Could you repeat the data word for word while skipping the pictures?

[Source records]
--- START ---

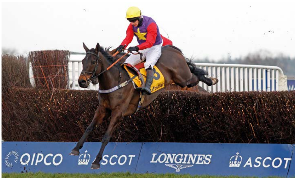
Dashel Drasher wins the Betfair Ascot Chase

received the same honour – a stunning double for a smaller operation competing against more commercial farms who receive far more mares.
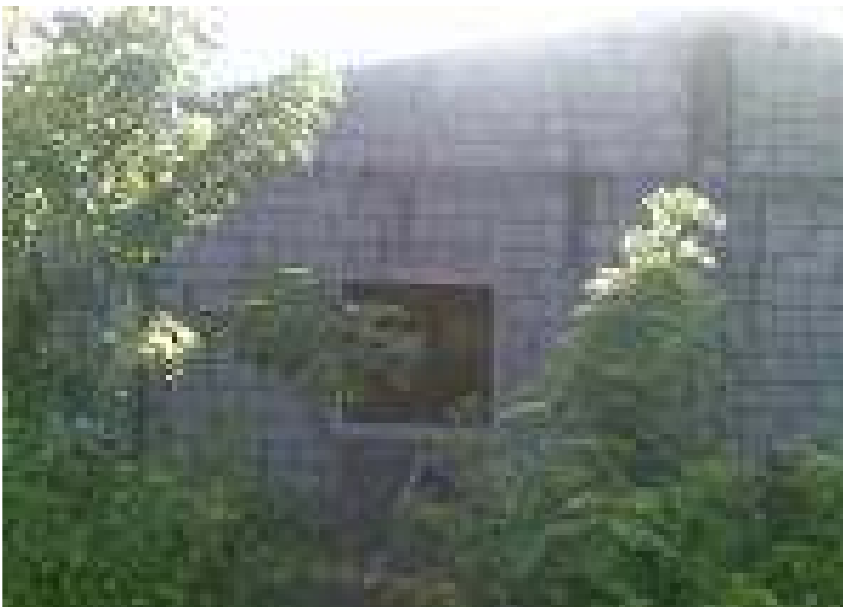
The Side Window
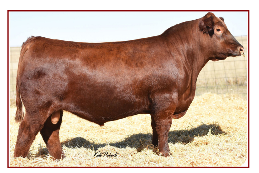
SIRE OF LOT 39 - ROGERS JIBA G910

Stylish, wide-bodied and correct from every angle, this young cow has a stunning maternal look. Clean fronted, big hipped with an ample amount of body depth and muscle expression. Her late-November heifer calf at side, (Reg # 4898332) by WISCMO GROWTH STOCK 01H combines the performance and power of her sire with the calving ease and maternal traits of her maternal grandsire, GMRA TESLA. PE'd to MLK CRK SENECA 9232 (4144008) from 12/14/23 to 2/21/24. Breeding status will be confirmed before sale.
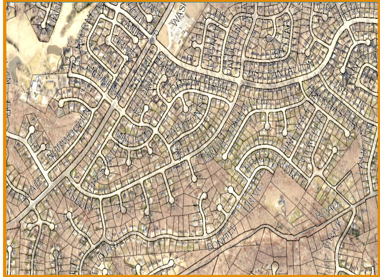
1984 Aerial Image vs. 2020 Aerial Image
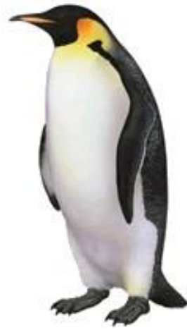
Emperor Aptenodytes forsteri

--- END ---

* **Answer to the problem**:
Dashel Drasher wins the Betfair Ascot Chase

received the same honour – a stunning double for a smaller operation competing against more commercial farms who receive far more mares.
The Side Window
SIRE OF LOT 39 - ROGERS JIBA G910

Stylish, wide-bodied and correct from every angle, this young cow has a stunning maternal look. Clean fronted, big hipped with an ample amount of body depth and muscle expression. Her late-November heifer calf at side, (Reg # 4898332) by WISCMO GROWTH STOCK 01H combines the performance and power of her sire with the calving ease and maternal traits of her maternal grandsire, GMRA TESLA. PE'd to MLK CRK SENECA 9232 (4144008) from 12/14/23 to 2/21/24. Breeding status will be confirmed before sale.
1984 Aerial Image vs. 2020 Aerial Image
Emperor Aptenodytes forsteri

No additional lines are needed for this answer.